Sunday 23 September 2012

Getting Deep: My eating disorder.

I'm writing this under the influence of a few random things: the height of my hormone issued low, gifted to me once a month by a few issues relating to disbalanced hormones related to my cycle, what I hope to be the end of a binge day, and some deep self reflection on things like, where I'm at, where I want to be and both the things I want as they are and the ones I want to change.

I have an eating disorder. Have for a very long time.

It comes around now and again. At least now I've come to the point where it isn't overwhelming my mind at all times of the day. It has affected other parts of my life of course, like body image and self worth, which was hell when I was a teen, but now I know the true worth of who I am and value it much more than what I think I look like.

That was a major turn around point for me. And I think that it can be for anyone else that feels this way.

I've come to a point where I feel like I can beat this. I thought I already had, but that was more me trying to convince myself than anything else. I feel like as long as every time I fall, I kick myself in the ass and just get back to what I know is best, I can maybe just be satisfied with the physical part of me. I think that having stopped beating myself up every time I don't do it perfect, every time I stumble, that getting rid of feeling guilt or regret over what I eat, was one of the most loving gifts I ever gave myself. Of course, it still happens, but I tend to catch it quick enough before it does any damage.

When I look inside myself, I love what I see, even the flaws, even the less than pretty things about myself. I would love to feel that way about my body, and hey there are even some moments that I almost do! There are moments that I forget, I forget that I have these kind of thoughts. I forget that I used to let them control me.

Now most of the time, that's how it is. It's nothing but a memory. But sometimes the thoughts come back. I fall, I tumble and I'm hard on myself for letting it happen. But then again, they happen less and less as I heal, as I face my fears, as I learn the deep down whys of it all. Instead of hiding away from the feelings, sometimes I let myself feel them, explore them as if they weren't my own and I begin to understand them, soothe them and tuck them away in a place where they belong: the past.

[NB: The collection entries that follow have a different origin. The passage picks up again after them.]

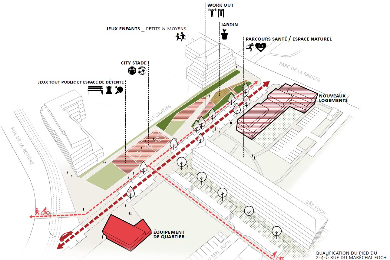 Le projet s'articule autour d'un axe central piétonnier et jardiné donnant droit sur le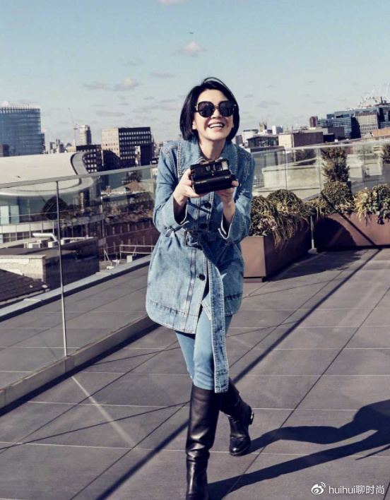 许晴还为牛仔套装搭配了长筒靴,气场较之前得到了明显提升。女性可以适度选择宽松式穿搭,这样可以遮蔽短处,扬长避短,展示自身休闲气质。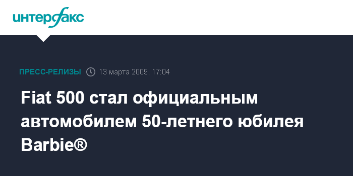 Милан (Италия). 12 марта BUSINESS WIRE – Знаменитая во всем мире своими неверо-ятными аксессуарами компания Mattel объявила сегодня об официальном автомобиле 50-летнего юбилея Barbie®, которым стал Fiat 500. Fiat 500, снискавший во всем мире признание совершенным итальянским дизайном и абсолютным гламуром и завоевавший репутацию суперстильного и необыкновенного автомобиля, будет по-своему представлять куклу Barbie® в исключительном для нее году.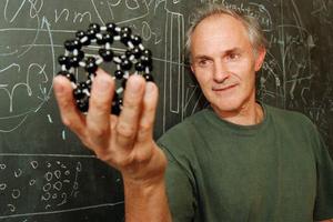 In 1985, C60 was discovered by scientists Harold Kroto, Robert Curl, and Richard Smalley. They were trying to determine the decades-old mystery of what molecule was absorbing infrared light in interstellar space. Kroto was convinced that these unusual spherical carbon molecules had been created in the atmospheres of giant red stars.
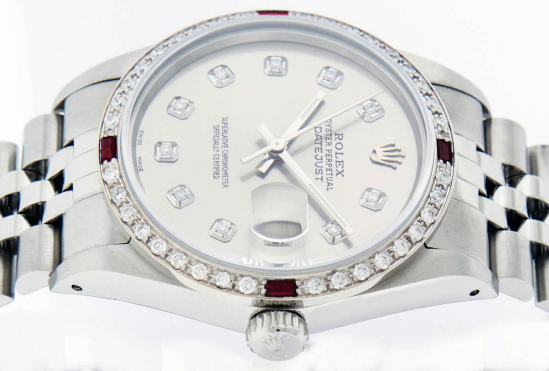 One Mens Stainless Steel Rolex Datejust Polished Bright with Satin Finish, This Watch Has Been Serviced & Electronically Tested, Stainless Steel Case: 36mm, Stainless Steel Crown, Custom Bezel: New 18K White Gold Ruby Beadset Diamond Bezel, Diamond + Gem Count: 36 Diamonds + 4 Rubies, Total Weight 1.00 Carat, Clarity: SI-VS, Color: G to H. Custom Crystal: New Synthetic Sapphire Cyclops Lens. Custom Hands: New Luminescent Hands. Movement: Automatic Winding Movement Caliber 3035. Custom Dial: Slate Grey With Diamond Hour Markers, Diamond Count: 10 Diamonds in Dial, Diamond Color: G To H In Color, Clarity: SI-VS. Date Window: 3 O'Clock Position Date Display, Quickset, Model: Datejust, Condition: G-6 Extra Fine. Bracelet: Stainless Steel Jubilee. Bracelet: 7.0 Inch Length, Adjustable. Standard Clasp, With Rolex Logo. This Watch Has Been Serviced Time Tested And Is In Excellent Condition It Is Free Of All Scratches And Dents.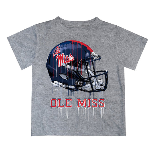Ole Miss Rebels Original Dripping Football Helmet Heather Gray T-Shirt for Boys by Vive La Fete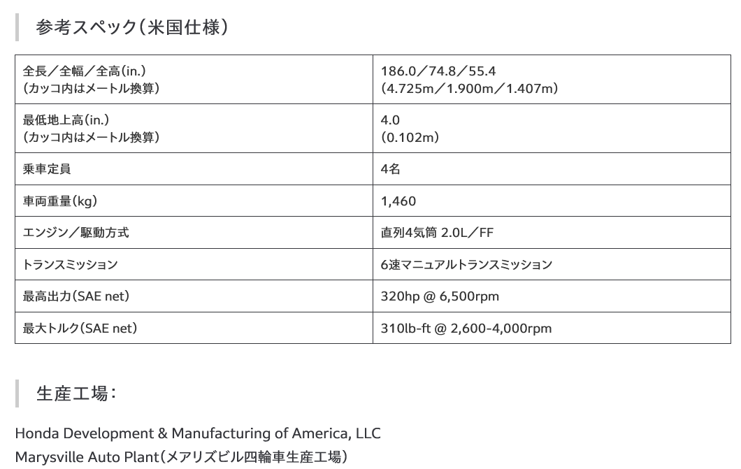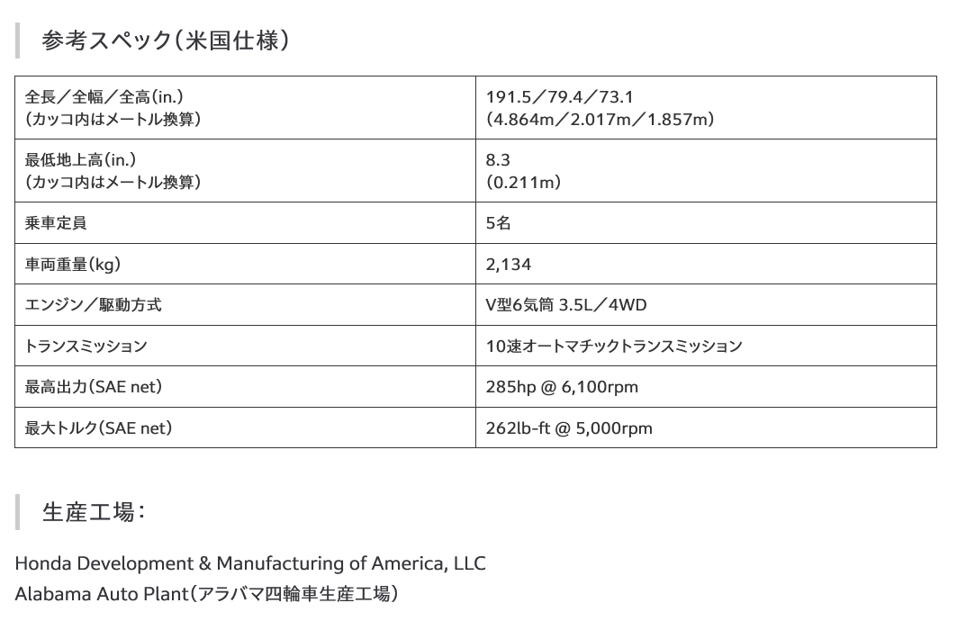なお、両モデルはHondaの米国における四輪開発・生産拠点である「Honda Development & Manufacturing of America, LLC(ホンダ・ ディベロップメント・アンド・ マニュファクチュアリング・オブ・アメリカ)」にて生産されています。

I am so grateful to have discovered the raw vegan lifestyle. As much as the food aspect of it work wonders for me, it's the rest of it that has helped me the most. The opening of emotions, the raw feeling that makes you feel everything instead of numbing it all. The deepness of emotion. The love that opens up your heart to so much more than you ever thought possible. The change in perspective about what actually matters is huge. It's an awakening that scares most people, I actually think that it's what has most people permanently falling off the wagon. Because most people would rather be numb. I was once upon a time, one of them. But I seriously wouldn't go back if someone offered me all the riches of the world.

Now I know who I am, I know (mostly) what I want. I know that sometimes I have weaknesses, sometimes I'm strong and sometimes I don't know. But what matters the most is that I will never give up, I will always be kind and I will always get back up. After all, there is no such thing as can't. No impossible.